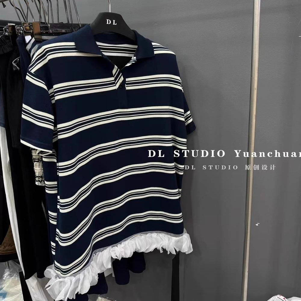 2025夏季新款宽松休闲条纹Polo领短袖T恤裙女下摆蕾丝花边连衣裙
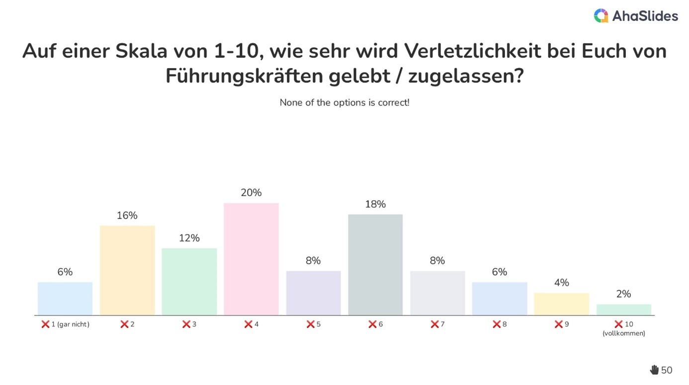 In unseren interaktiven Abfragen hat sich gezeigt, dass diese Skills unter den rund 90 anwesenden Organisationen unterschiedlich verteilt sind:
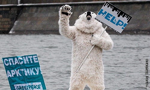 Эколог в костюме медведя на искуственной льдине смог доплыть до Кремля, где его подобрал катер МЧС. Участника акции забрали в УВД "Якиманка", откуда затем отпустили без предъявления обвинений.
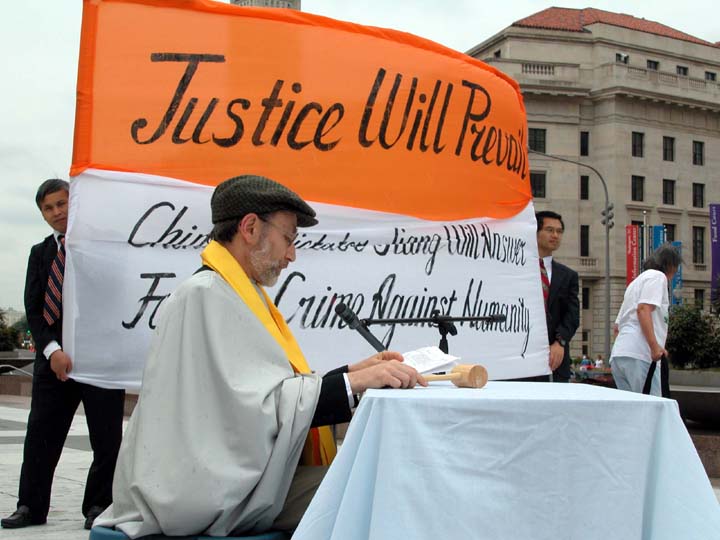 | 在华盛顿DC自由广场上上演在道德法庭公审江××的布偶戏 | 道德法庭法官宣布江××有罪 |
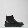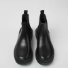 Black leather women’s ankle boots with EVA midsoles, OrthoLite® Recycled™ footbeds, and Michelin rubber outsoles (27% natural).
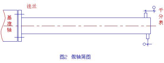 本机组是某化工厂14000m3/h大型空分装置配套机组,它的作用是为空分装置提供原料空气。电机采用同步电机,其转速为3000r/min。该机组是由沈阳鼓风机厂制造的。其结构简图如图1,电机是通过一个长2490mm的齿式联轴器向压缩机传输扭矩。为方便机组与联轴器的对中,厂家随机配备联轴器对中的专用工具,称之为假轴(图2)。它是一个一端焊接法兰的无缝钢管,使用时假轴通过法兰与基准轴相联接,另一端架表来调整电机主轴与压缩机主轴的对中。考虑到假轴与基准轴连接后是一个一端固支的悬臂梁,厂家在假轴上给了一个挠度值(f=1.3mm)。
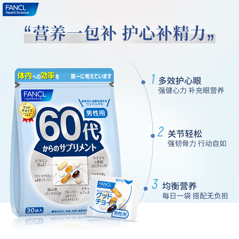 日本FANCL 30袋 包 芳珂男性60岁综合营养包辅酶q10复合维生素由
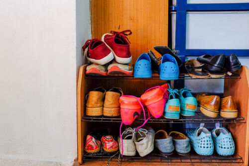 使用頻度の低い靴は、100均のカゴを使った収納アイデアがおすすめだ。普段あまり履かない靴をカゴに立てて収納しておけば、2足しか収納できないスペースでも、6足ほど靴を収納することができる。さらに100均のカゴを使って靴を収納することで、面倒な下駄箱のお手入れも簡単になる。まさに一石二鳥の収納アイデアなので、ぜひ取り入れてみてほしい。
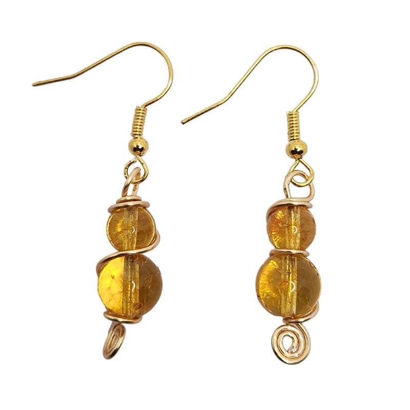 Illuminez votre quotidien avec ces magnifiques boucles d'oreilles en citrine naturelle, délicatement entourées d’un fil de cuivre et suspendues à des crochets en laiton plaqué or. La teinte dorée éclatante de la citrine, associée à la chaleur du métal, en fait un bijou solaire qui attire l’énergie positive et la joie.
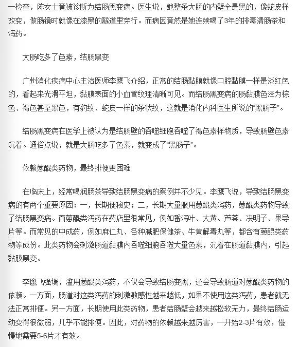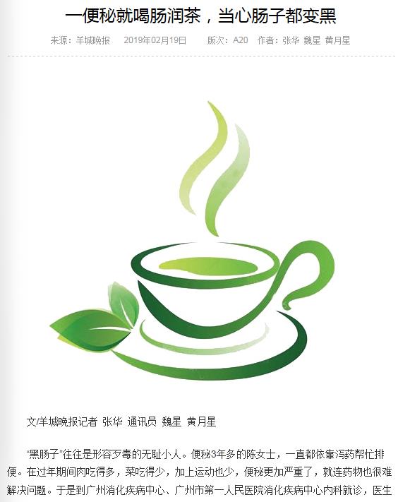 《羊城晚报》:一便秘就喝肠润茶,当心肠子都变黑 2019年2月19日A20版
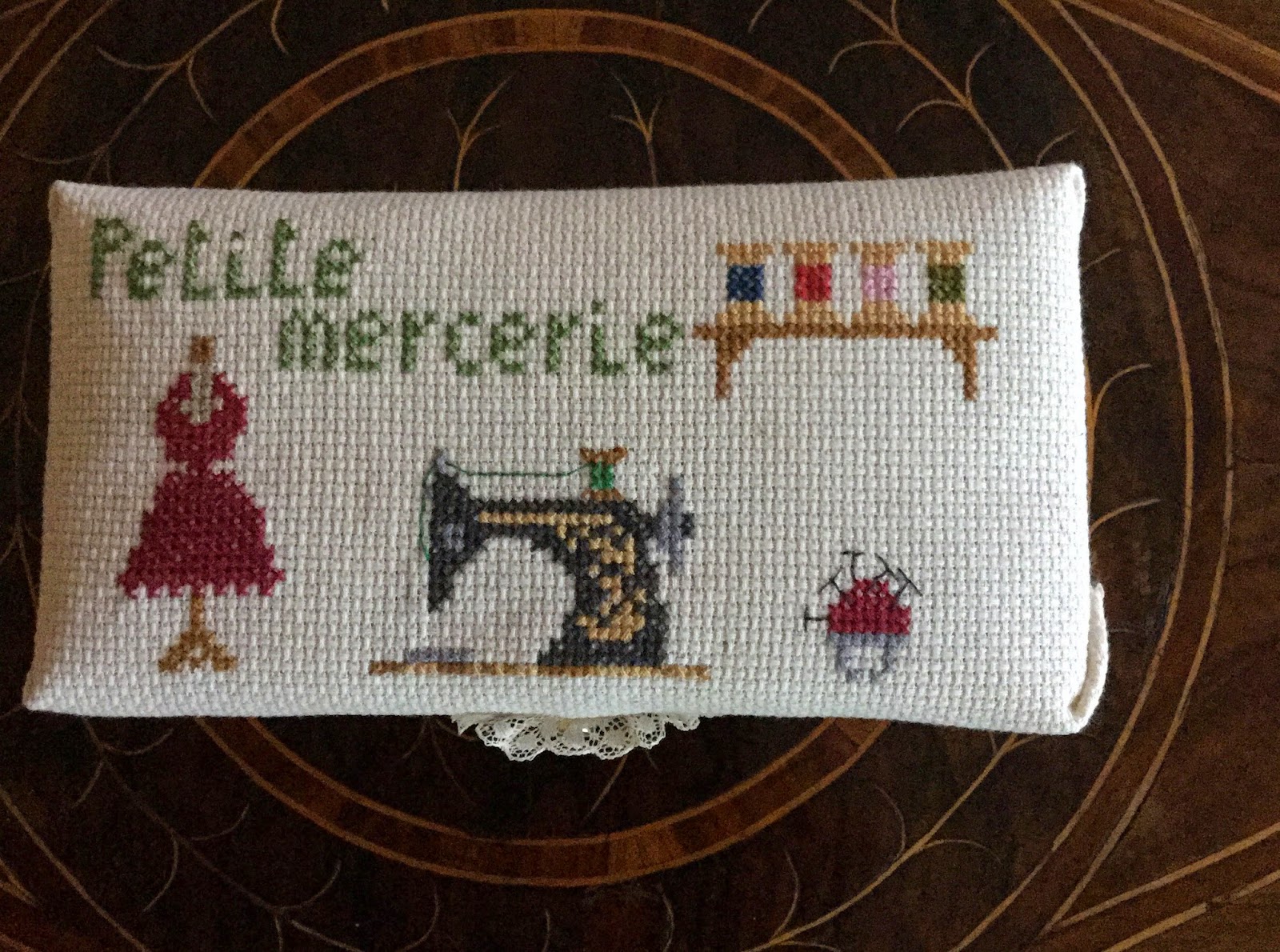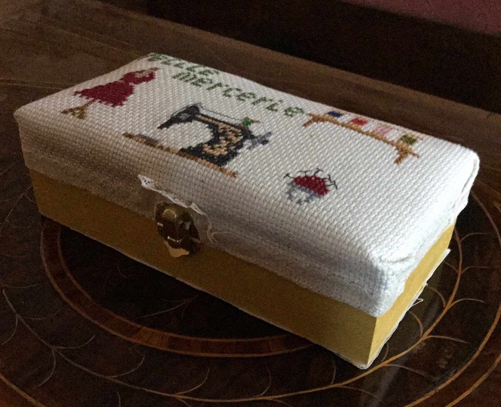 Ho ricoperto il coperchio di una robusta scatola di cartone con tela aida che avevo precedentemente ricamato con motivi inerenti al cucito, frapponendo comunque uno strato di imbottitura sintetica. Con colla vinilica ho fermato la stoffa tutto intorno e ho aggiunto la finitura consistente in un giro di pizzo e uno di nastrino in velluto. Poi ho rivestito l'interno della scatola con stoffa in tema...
════════════════════
▶ Task requirements:
Please set down the whole listing exactly, apart from the pictures.

▶ Response box:
 2025夏季新款宽松休闲条纹Polo领短袖T恤裙女下摆蕾丝花边连衣裙
 In unseren interaktiven Abfragen hat sich gezeigt, dass diese Skills unter den rund 90 anwesenden Organisationen unterschiedlich verteilt sind:
 Эколог в костюме медведя на искуственной льдине смог доплыть до Кремля, где его подобрал катер МЧС. Участника акции забрали в УВД "Якиманка", откуда затем отпустили без предъявления обвинений.
 | 在华盛顿DC自由广场上上演在道德法庭公审江××的布偶戏 | 道德法庭法官宣布江××有罪 |
 Black leather women’s ankle boots with EVA midsoles, OrthoLite® Recycled™ footbeds, and Michelin rubber outsoles (27% natural).
 本机组是某化工厂14000m3/h大型空分装置配套机组,它的作用是为空分装置提供原料空气。电机采用同步电机,其转速为3000r/min。该机组是由沈阳鼓风机厂制造的。其结构简图如图1,电机是通过一个长2490mm的齿式联轴器向压缩机传输扭矩。为方便机组与联轴器的对中,厂家随机配备联轴器对中的专用工具,称之为假轴(图2)。它是一个一端焊接法兰的无缝钢管,使用时假轴通过法兰与基准轴相联接,另一端架表来调整电机主轴与压缩机主轴的对中。考虑到假轴与基准轴连接后是一个一端固支的悬臂梁,厂家在假轴上给了一个挠度值(f=1.3mm)。
 日本FANCL 30袋 包 芳珂男性60岁综合营养包辅酶q10复合维生素由
 使用頻度の低い靴は、100均のカゴを使った収納アイデアがおすすめだ。普段あまり履かない靴をカゴに立てて収納しておけば、2足しか収納できないスペースでも、6足ほど靴を収納することができる。さらに100均のカゴを使って靴を収納することで、面倒な下駄箱のお手入れも簡単になる。まさに一石二鳥の収納アイデアなので、ぜひ取り入れてみてほしい。
 Illuminez votre quotidien avec ces magnifiques boucles d'oreilles en citrine naturelle, délicatement entourées d’un fil de cuivre et suspendues à des crochets en laiton plaqué or. La teinte dorée éclatante de la citrine, associée à la chaleur du métal, en fait un bijou solaire qui attire l’énergie positive et la joie.
 《羊城晚报》:一便秘就喝肠润茶,当心肠子都变黑 2019年2月19日A20版
 Ho ricoperto il coperchio di una robusta scatola di cartone con tela aida che avevo precedentemente ricamato con motivi inerenti al cucito, frapponendo comunque uno strato di imbottitura sintetica. Con colla vinilica ho fermato la stoffa tutto intorno e ho aggiunto la finitura consistente in un giro di pizzo e uno di nastrino in velluto. Poi ho rivestito l'interno della scatola con stoffa in tema...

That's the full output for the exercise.